# [Brief]
All the lines below need to be transcribed exactly. Pictures get left out.

# [Source data]
----------------
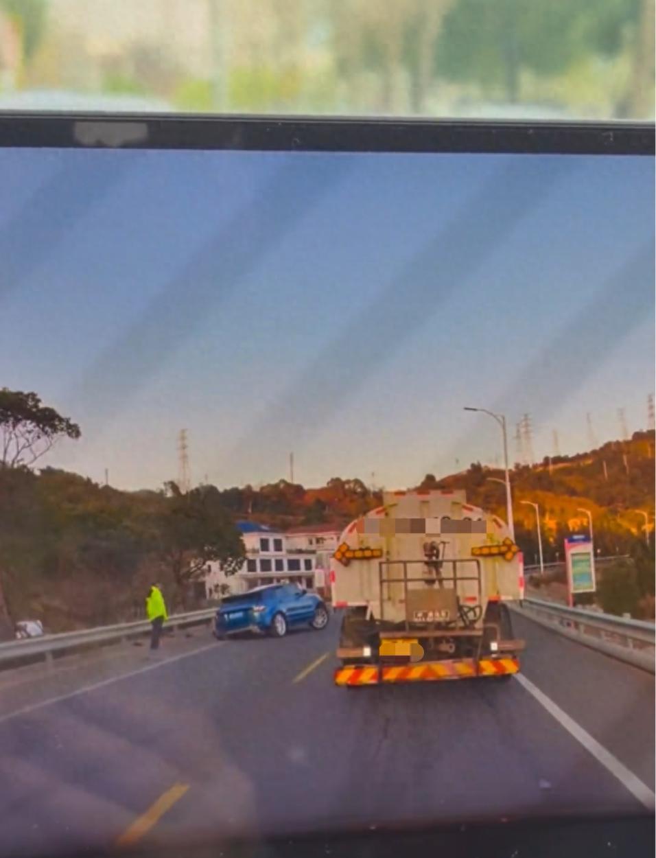 视频中,一辆牌照“浙C2XXX”的洒水车在道路上洒水作业,在弯道处,有交警在处置交通事故,洒水车关闭洒水装置,转弯后继续洒水作业。后遇到前方路旁有一名路人行走,洒水车未关闭洒水设备,洒在路人身上后离去。
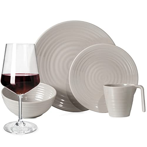 Melamin campingservis för 4 personer Kaffe design, 16 delar + 16 Tiamo-glas, vattenglas, vinglas, champagne-glas, servis, picknick, BBQ, köksporslin
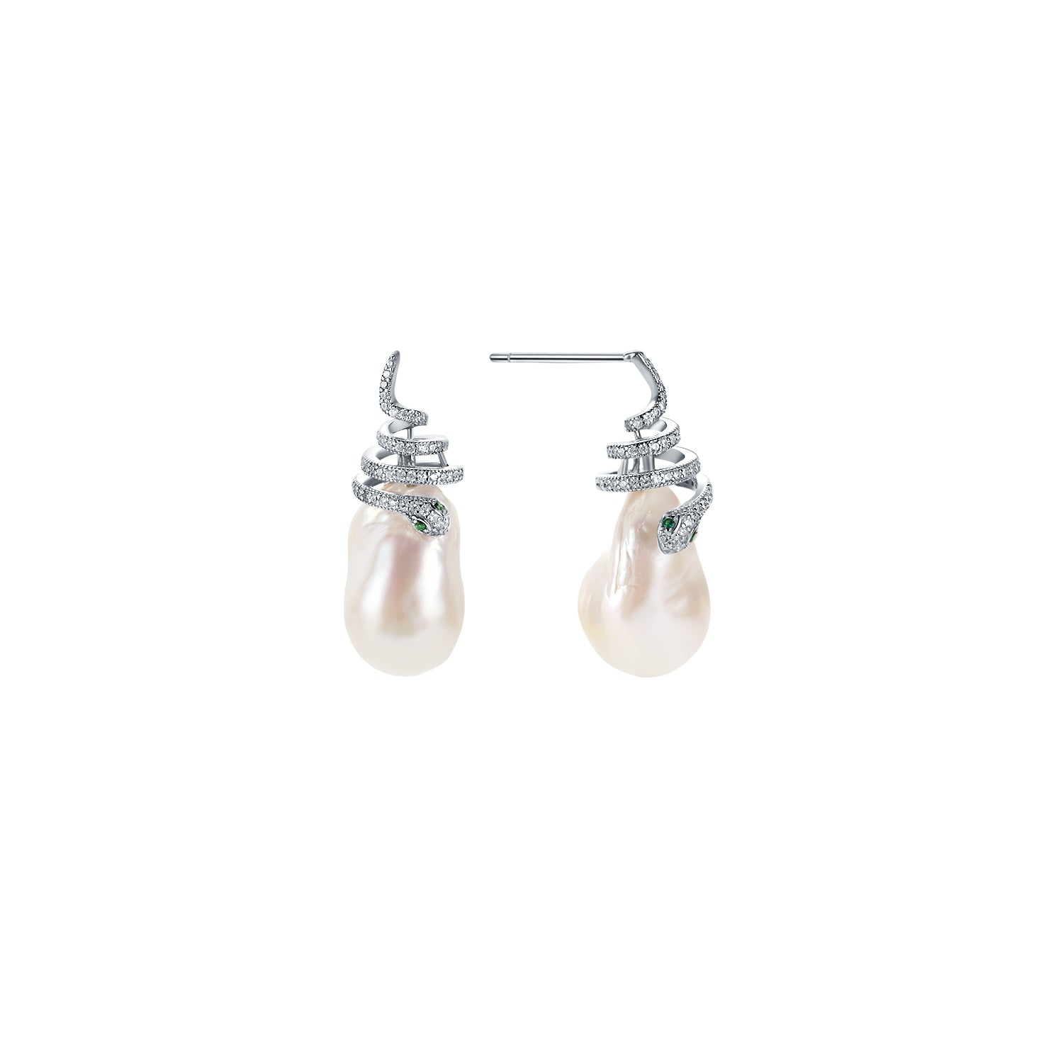 Each earring includes a white baroque pearl, measured between 15-22mm, with very high luster.
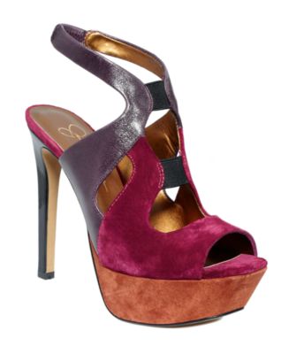 Jessica Simpson is very much ahead of the shoe game, she knows exactly what women want on their feet. For example, this color blocking violet/purple suede and leather open toe pump is definitely giving you fashionista!
----------------
# [Your response]
 视频中,一辆牌照“浙C2XXX”的洒水车在道路上洒水作业,在弯道处,有交警在处置交通事故,洒水车关闭洒水装置,转弯后继续洒水作业。后遇到前方路旁有一名路人行走,洒水车未关闭洒水设备,洒在路人身上后离去。
 Melamin campingservis för 4 personer Kaffe design, 16 delar + 16 Tiamo-glas, vattenglas, vinglas, champagne-glas, servis, picknick, BBQ, köksporslin
 Each earring includes a white baroque pearl, measured between 15-22mm, with very high luster.
 Jessica Simpson is very much ahead of the shoe game, she knows exactly what women want on their feet. For example, this color blocking violet/purple suede and leather open toe pump is definitely giving you fashionista!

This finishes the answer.